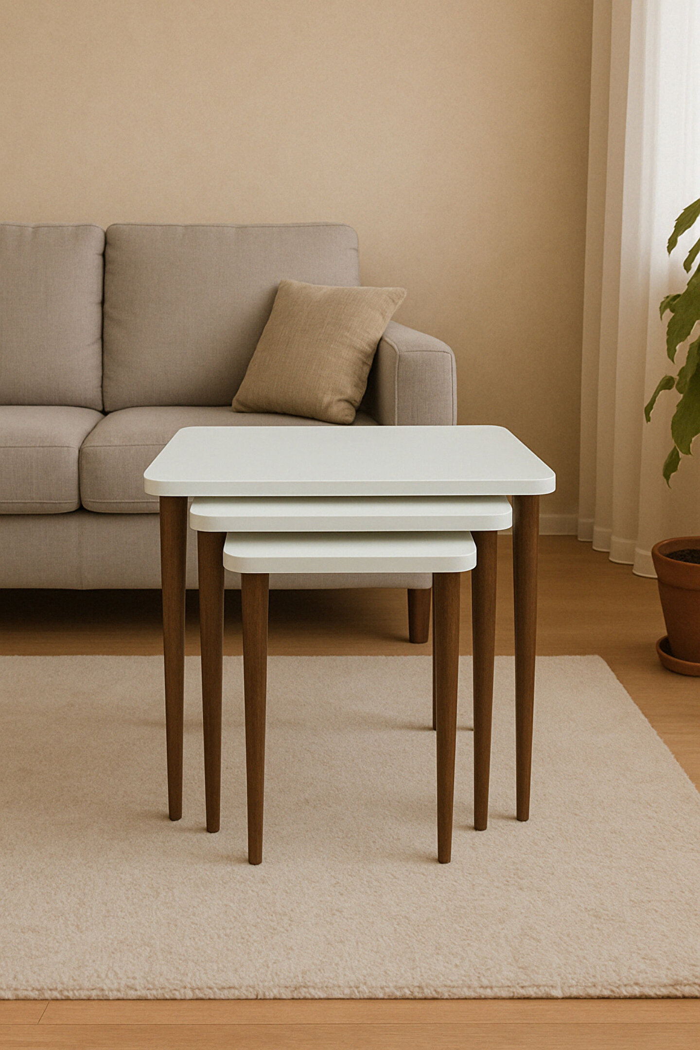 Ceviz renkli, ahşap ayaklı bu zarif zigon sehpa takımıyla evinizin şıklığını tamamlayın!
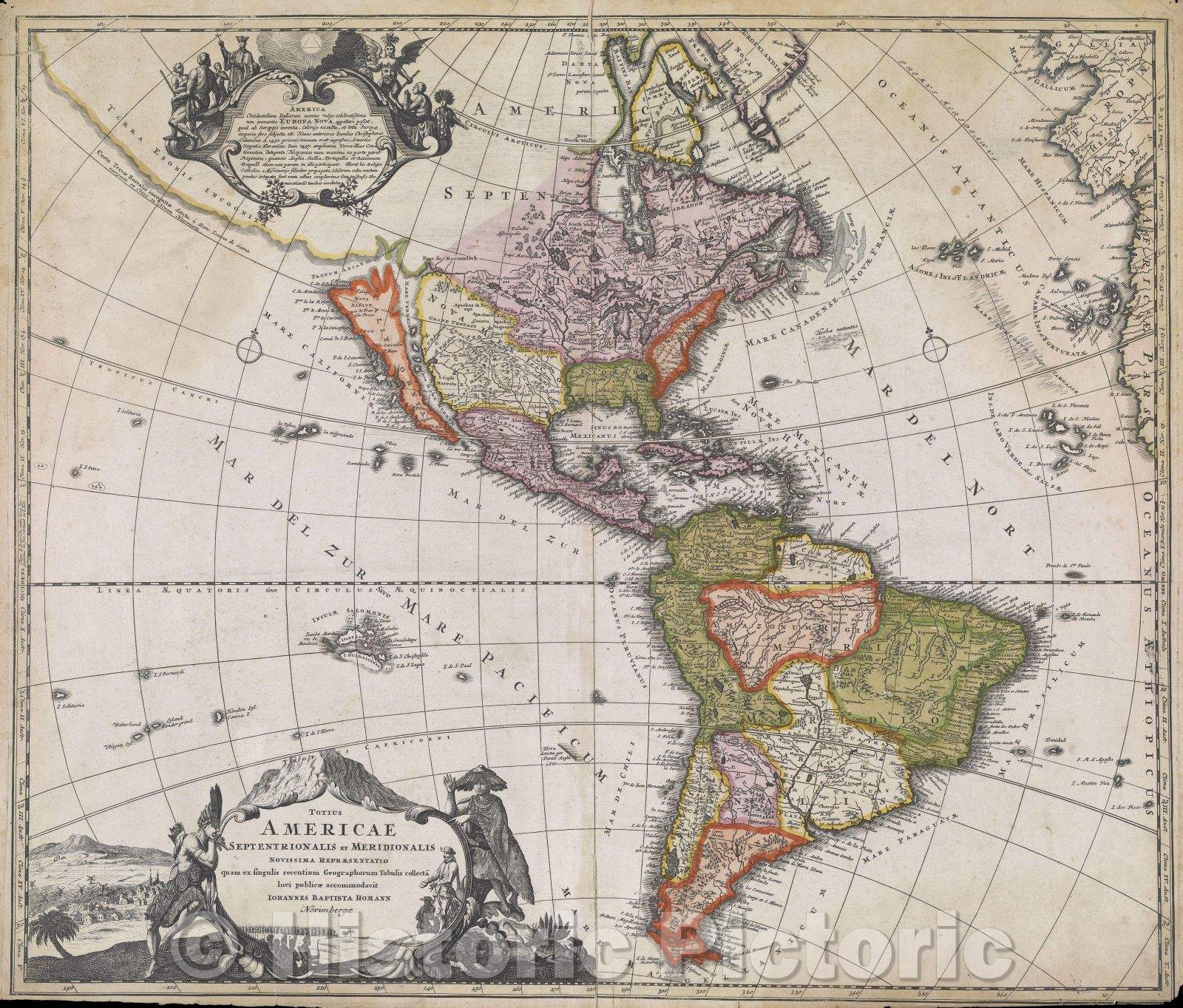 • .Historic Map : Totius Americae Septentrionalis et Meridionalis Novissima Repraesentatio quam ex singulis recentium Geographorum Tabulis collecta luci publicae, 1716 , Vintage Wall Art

|---|

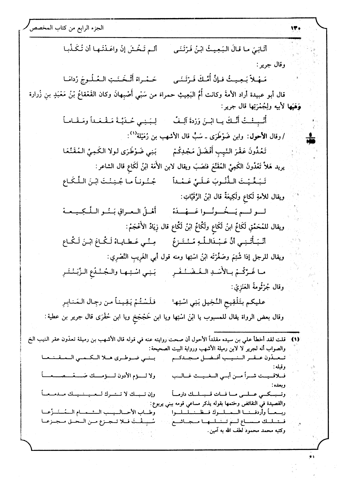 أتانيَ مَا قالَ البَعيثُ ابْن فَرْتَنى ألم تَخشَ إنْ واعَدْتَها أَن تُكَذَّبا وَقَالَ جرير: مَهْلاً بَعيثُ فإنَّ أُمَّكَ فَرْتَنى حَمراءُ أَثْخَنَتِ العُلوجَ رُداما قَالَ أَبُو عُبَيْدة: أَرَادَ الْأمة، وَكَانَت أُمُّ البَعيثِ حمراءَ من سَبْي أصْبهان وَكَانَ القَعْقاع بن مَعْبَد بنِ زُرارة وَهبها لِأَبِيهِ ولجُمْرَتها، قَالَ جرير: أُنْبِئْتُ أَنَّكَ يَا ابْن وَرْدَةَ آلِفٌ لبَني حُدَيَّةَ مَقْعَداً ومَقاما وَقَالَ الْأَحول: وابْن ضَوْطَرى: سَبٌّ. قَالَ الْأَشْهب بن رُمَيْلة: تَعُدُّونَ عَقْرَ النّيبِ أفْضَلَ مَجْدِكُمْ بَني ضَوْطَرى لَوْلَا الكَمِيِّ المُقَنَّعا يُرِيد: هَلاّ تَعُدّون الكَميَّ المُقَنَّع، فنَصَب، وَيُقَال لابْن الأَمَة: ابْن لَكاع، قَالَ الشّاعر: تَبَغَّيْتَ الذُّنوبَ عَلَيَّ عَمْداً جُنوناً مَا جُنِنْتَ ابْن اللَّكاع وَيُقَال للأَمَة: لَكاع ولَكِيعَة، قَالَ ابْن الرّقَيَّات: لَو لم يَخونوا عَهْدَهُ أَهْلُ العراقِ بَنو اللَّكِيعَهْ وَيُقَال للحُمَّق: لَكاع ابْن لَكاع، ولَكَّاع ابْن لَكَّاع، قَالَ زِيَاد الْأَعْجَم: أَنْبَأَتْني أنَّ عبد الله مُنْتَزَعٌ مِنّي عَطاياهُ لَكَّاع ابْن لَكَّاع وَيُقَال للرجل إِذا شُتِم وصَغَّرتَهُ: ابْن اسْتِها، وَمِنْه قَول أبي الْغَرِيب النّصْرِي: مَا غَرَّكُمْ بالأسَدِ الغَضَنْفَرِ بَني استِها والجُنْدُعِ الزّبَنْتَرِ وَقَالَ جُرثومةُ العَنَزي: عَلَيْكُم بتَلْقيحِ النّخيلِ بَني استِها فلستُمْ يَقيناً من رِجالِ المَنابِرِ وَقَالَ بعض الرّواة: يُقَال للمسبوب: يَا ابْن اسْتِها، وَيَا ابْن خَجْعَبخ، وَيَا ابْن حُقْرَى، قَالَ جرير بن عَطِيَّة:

|---|

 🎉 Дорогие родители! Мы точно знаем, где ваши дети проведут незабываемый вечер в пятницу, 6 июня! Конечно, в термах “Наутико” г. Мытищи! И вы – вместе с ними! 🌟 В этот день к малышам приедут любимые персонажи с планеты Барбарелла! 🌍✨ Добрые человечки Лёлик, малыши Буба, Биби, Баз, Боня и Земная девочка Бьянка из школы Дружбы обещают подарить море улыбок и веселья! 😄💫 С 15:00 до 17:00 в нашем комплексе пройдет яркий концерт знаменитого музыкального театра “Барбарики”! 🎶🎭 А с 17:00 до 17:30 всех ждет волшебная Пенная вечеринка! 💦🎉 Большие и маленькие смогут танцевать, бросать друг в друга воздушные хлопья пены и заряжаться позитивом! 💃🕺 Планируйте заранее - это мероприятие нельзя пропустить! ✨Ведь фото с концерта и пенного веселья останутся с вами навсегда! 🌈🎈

|---|

#### Problem to solve
Exactly as written above, retype the lines starting at the one holding "Ceviz renkli, ahşap" and ending at the one holding "Vintage Wall Art", both included, but not the pictures.

#### Completed task
 Ceviz renkli, ahşap ayaklı bu zarif zigon sehpa takımıyla evinizin şıklığını tamamlayın!
 • .Historic Map : Totius Americae Septentrionalis et Meridionalis Novissima Repraesentatio quam ex singulis recentium Geographorum Tabulis collecta luci publicae, 1716 , Vintage Wall Art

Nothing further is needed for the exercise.